B4C 및 BN계의 비산화성 붕소화합물을 함유한 피치계 분말은 사용중의 저산소분압하에서 B4C 및 BN 등의 비산화성 붕소산화물을 B4C+6CO=2B203+7C---(1)의 반응에 의해서 카본을 석출하며 공히 붕소산화물을 형성하여 체적팽창을 수반하기 때문에 치밀화로 기공의 밀폐화를 촉진하며, 이때 생성된 B203은 MgO-B203계 화합물로 되어 액상을 생성함으로써, 내화물 표면에 산화보호층을 형성한다.B 4 C, and pitch-based powder containing a non-acidic boron compound is of the BN type under a low oxygen partial pressure during use of the B 4 C and a non-acidic oxide such as boron BN B 4 C + 6CO = 2B 2 0 3 + 7C --- Due to the reaction of (1), carbon precipitates and forms a boron oxide, which entails volume expansion, thereby facilitating the sealing of pores by densification, and the produced B 2 0 3 is a MgO-B 2 0 3 -based compound.
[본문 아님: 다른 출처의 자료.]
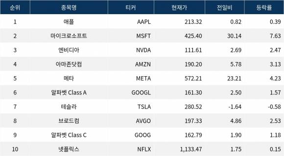 마이크로소프트는 전일 대비 7.63% 상승한 425.40달러로 마감했다. 메타는 4.23% 상승하여 572.21달러를 기록했다. 엔비디아(NVDA)도 2.47% 상승하여 111.61달러에 거래를 마쳤다.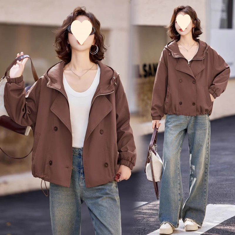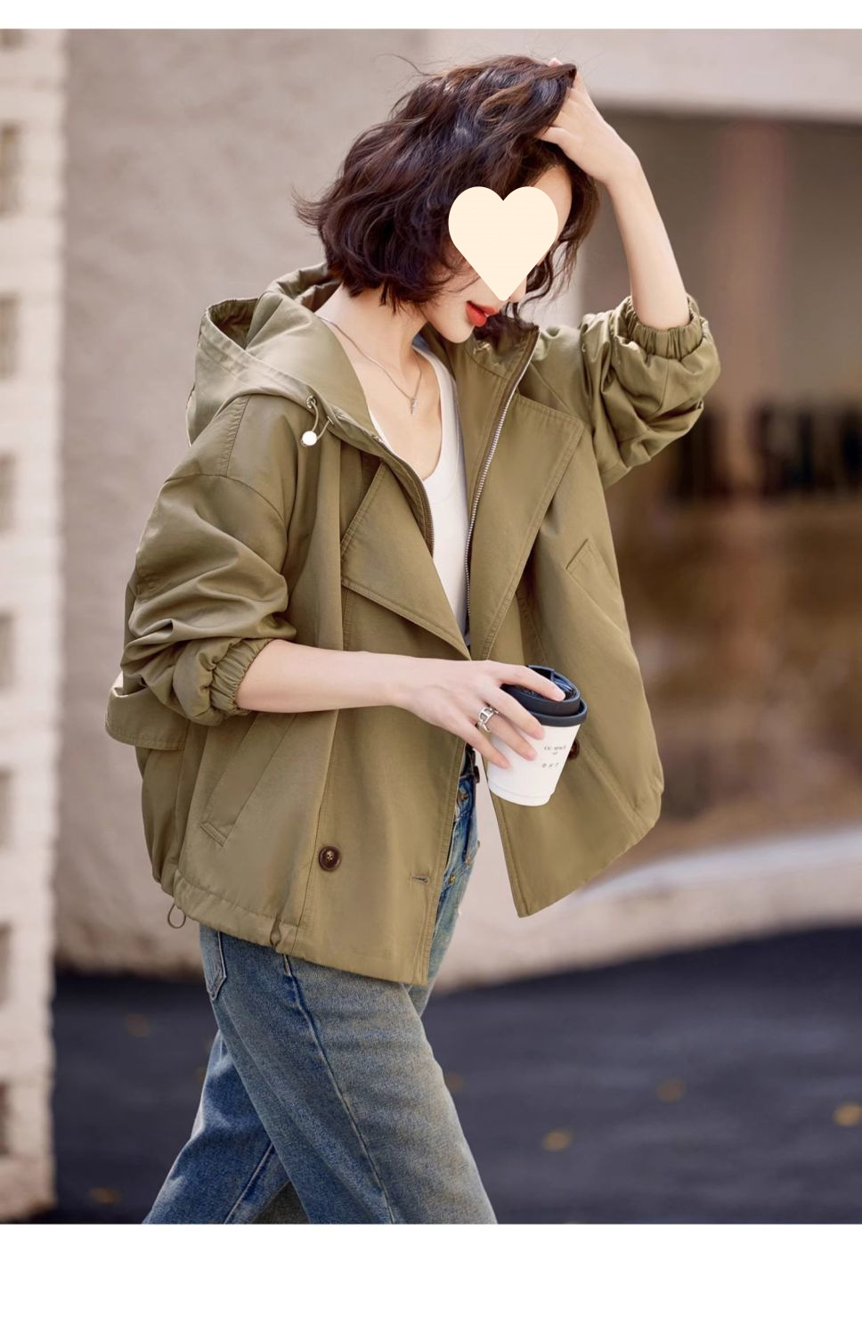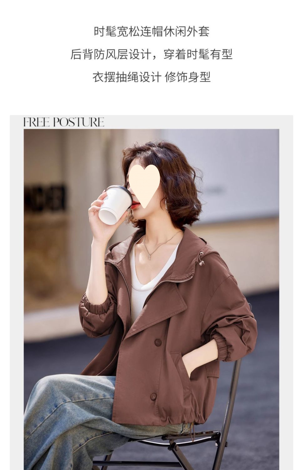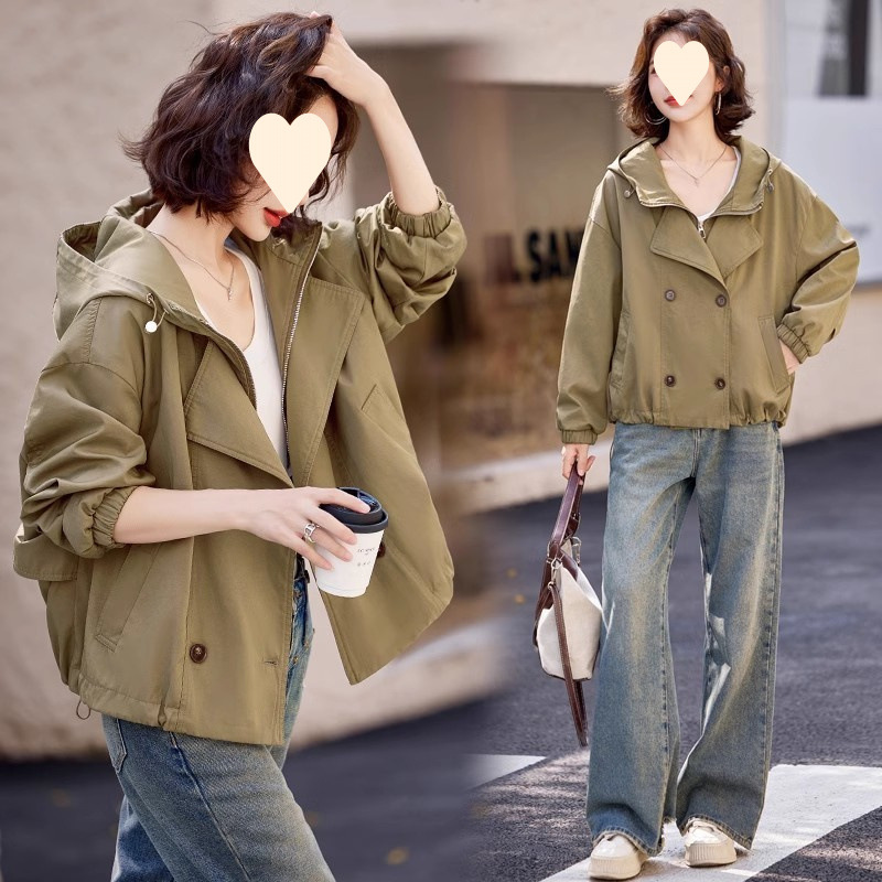 잘 생긴 짧은 트렌치 코트 여성의 짧은 패션 디자인 감각 2025 봄과 가을 새로운 캐주얼 후드 코트 조수스토어 가기

Thereby forming a liquid phase, thereby forming an oxide protective layer on the refractory surface.
또한 동시에 피치계 분말은 가열중 흑연화 과정에 의하여 공극이 내포한 탄소입자를 매트릭스(Matrix)중에 형성시킴으로써 탄성율을 저하시키는 효과를 발현하여 내스폴링성을 향상시킨다.At the same time, the pitch powder exhibits the effect of lowering the elastic modulus by forming carbon particles containing pores in the matrix by the graphitization process during heating, thereby improving spalling resistance.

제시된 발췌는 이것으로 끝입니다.